# Tyranid Harpy



## Serpion5 (Mar 19, 2010)

Following the ease of which I managed a finecast harpy, I decided to attempt a similar thing with the new plastic Hive Tyrant Kit. 

It began easily enough, I simply trimmed down the flying legs and affixed them to their slots with pins before filling the gaps with greenstuff. Apologis for these earlier pics, they were taken from my less than spectacular phone camera.










I assembled the top half as normal, only I cut away the tyrant's spore chimneys. As I interpret the artwork in the tyranid codex, the Harpy does not have these. I also trimmed down the tyrant's head to remove the crest, some of the spikes and the weird little "beard" they seem to have. 


















Assembley was straightforward from here, the scything talon blade adds length to the tail and counts as the harpy's own wargear, killing two birds with one stone.










The weapons I made from the Twinlinked Deathspitter arms from the carnifex kit and the Heavy Venom Cannon Barrels. The same could be done with the stranglethorn, but as the lore describes this creature as a tank hunter that is the role I designed it for. 










The head was resculpted to match the artwork as best I could. I also took this oppurtunity to add some minor detail to the base. 

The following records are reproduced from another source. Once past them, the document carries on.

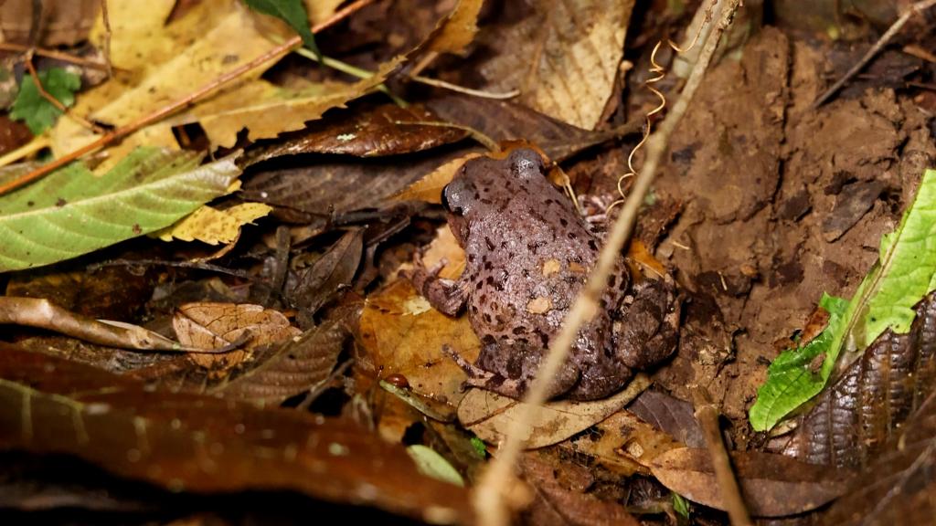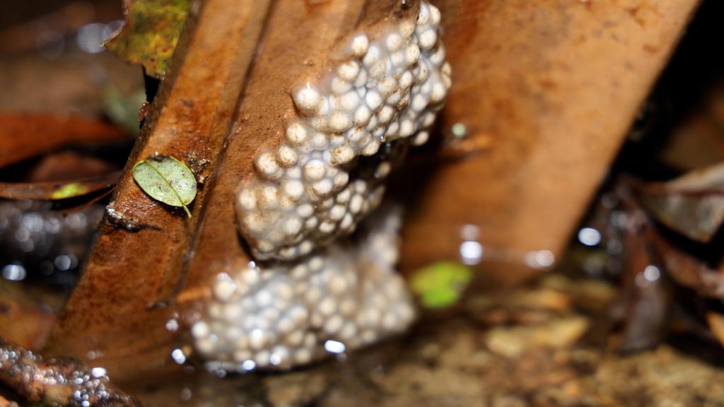 冬日,在云南大圍山國家級自然保護區,密棘髭蟾迎來一年一度的繁殖季。夜晚,氣溫接近零度,密棘髭蟾會挑選水質好、含氧量高且有隱蔽環境的小溪,作為筑巢產卵的地方。
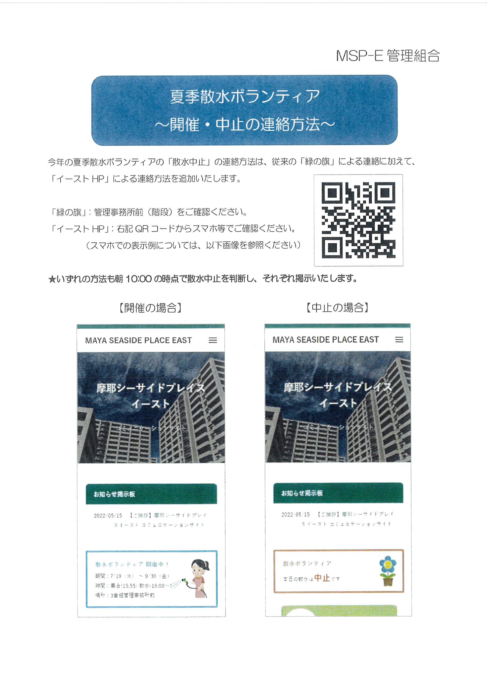夏季散水ボランティア 開催・中止の連絡方法
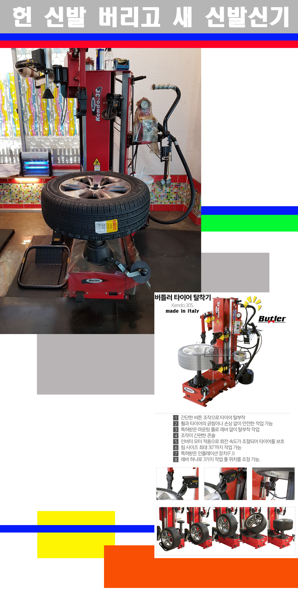 이태리 버틀러사의 켄도3.0S는 휠과 타이어와 조립과 분리시 전혀 제품에 손상을 주지않는 탈착기로 특히 센터락방식(중앙에서 휠를 고정하는 방식)이여서 휠의 중앙부위 잡아서 타이어를 탈부착하고 이후 상하롤러로 타이어를 탈부착합니다 특히 유니포미티작업(휠의 가장가벼운부분과 타이어의 가장 무거운부분을 매칭시키는 작업)시 작업자가 타이어를 정확한 지점에 휠과 매칭시킬수 있는 장점도 있습니다
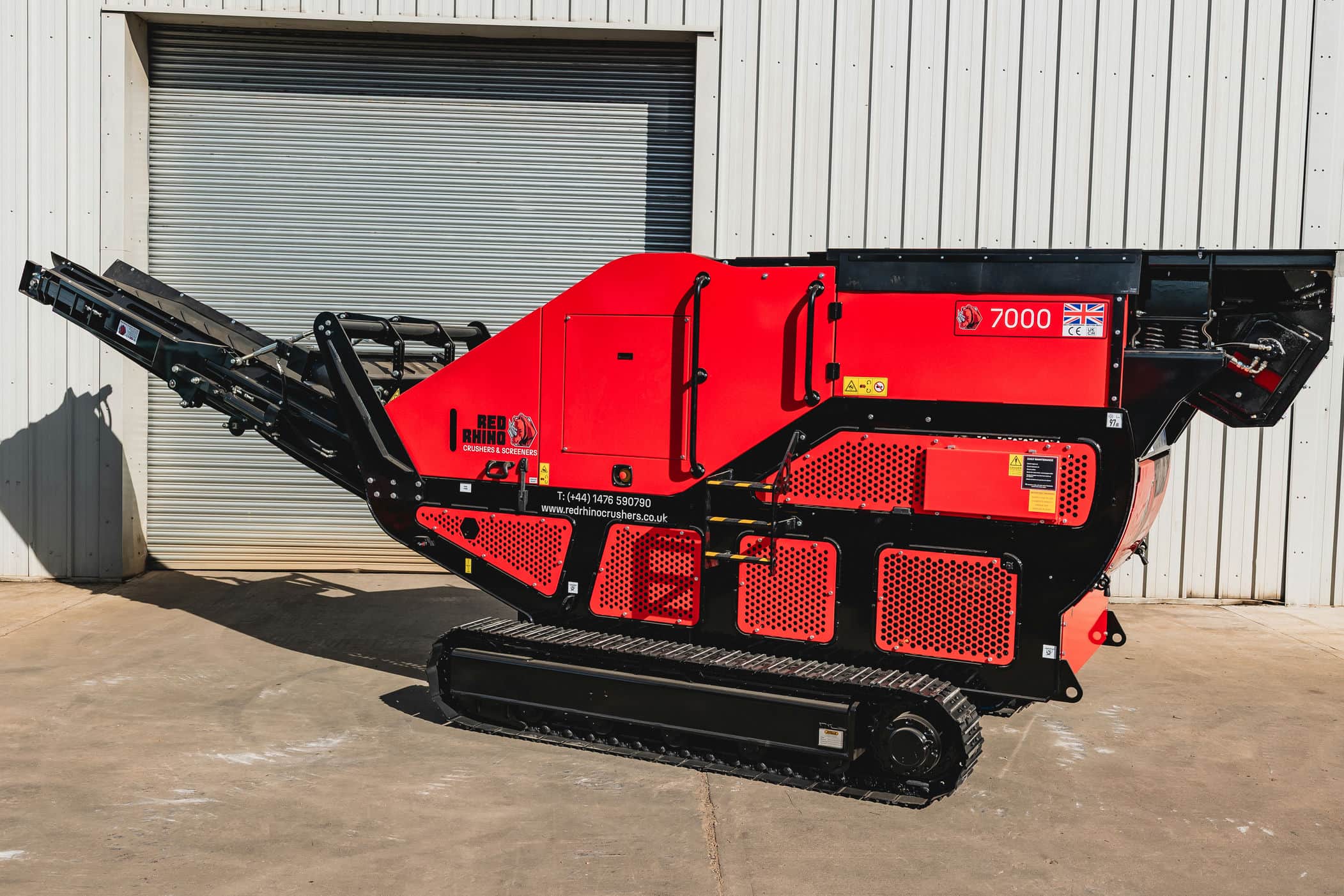 Mobilní drtič stavební suti Red Rhino 7000 Plus je ideálním strojem pro stavební firmy hledající recyklační zařízení pro vlastní odpad i pro poskytování služeb třetím stranám. 7000+ je výkonný a přitom stále kompaktní a snadno přepravitelný stroj osazený vibrační násypkou s grizzly roštem pro bypass jemného materiálu a senzorem zaplnění drtící komory. Špičkové komponenty jako je motor Kubota nebo hydraulika Danfoss a robustní konstrukce vlastní výroby zajišťují dlouhodobý spolehlivý provoz stroje.
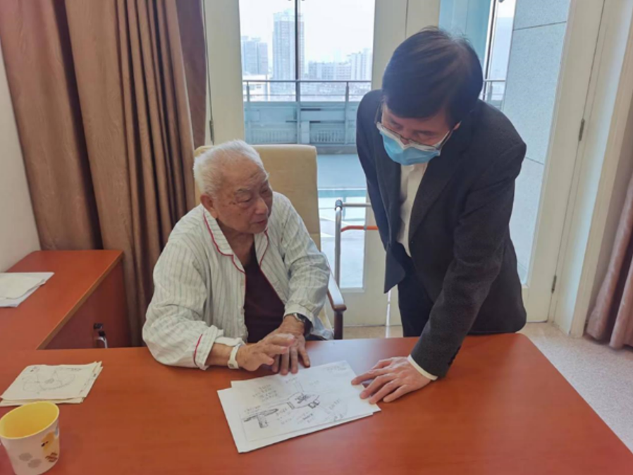2019年天津大学党委书记李家俊到医院看望彭先生,彭先生介绍天津大学新校区环境设计方案
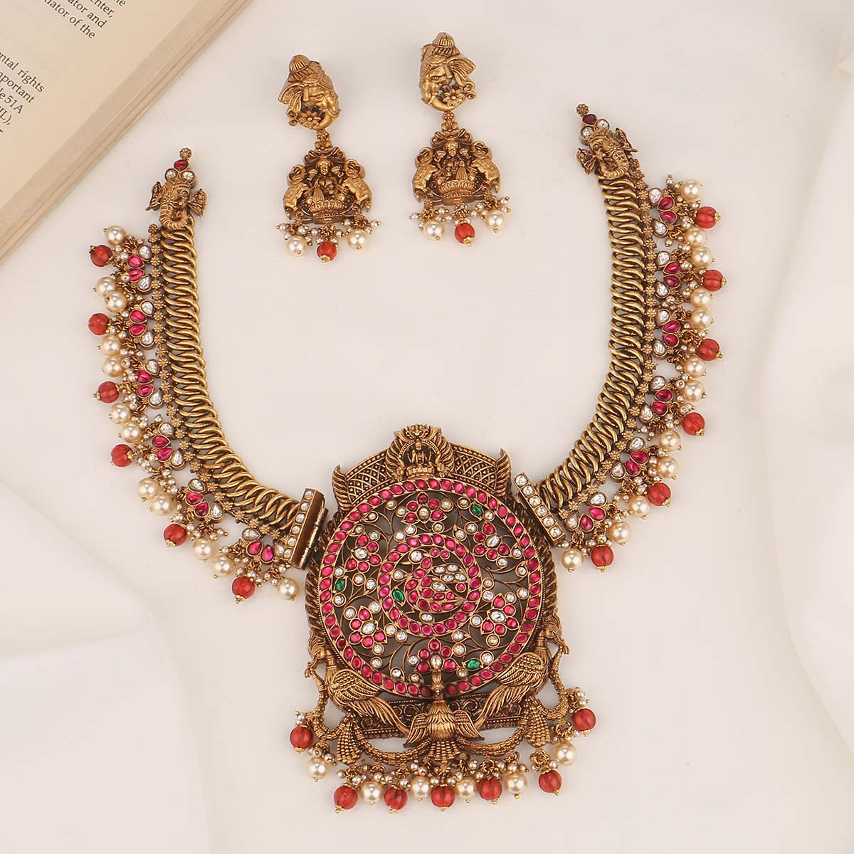 Crafted from 92.5 Silver and 24kt Gold Plated, this elegant Nagas Necklace Set features stunning semi-precious stones for a truly dazzling effect. Its unique design and exquisite style will undoubtedly make a grand impression.

And when ready to undercoat, I get something like this: 


















What do you think?


----------



## Arcticor (Mar 19, 2011)

That is one sexy harpy conversion, plus rep to you!


----------



## Shadow Stalkers (Jan 21, 2012)

that is a pretty good conversion. is the green stuff on the back there to make it look bigger?


----------



## Serpion5 (Mar 19, 2010)

Arcticor said:


> That is one sexy harpy conversion, plus rep to you!





Shadow Stalkers said:


> that is a pretty good conversion. is the green stuff on the back there to make it look bigger?


Thanks both. The greenstuff on its back is to cover the gaps where the tyrant's spore chimneys were removed.


----------



## L0rdF1end (Aug 30, 2012)

Hmmm, don't suppose you make to order and live in the UK?


----------



## DestroyerHive (Dec 22, 2009)

Thank you good sir. It's my birthday tommorrow and I've been hoping to get a Winged Hive Tyrant to convert to a Harpy for some time now.


----------



## Serpion5 (Mar 19, 2010)

L0rdF1end said:


> Hmmm, don't suppose you make to order and live in the UK?


I do commissions, but I live in Australia.


----------



## pb97613 (Apr 2, 2012)

If they update the rules so harpies can shoot down other flyers, then I'll have to get you to make one for me


----------



## Serpion5 (Mar 19, 2010)

Only one?


----------



## pb97613 (Apr 2, 2012)

ok, maybe 2 or 3 - depends on if they get an FAQ...


----------



## Angelofdeath690 (Sep 21, 2011)

Serpion T_T!!!! I need some of these once they get updated (if they do) XD

+rep since its done with your usual high grade skill. (once i can give more rep to you XD)


----------



## Serpion5 (Mar 19, 2010)

Thank you.


----------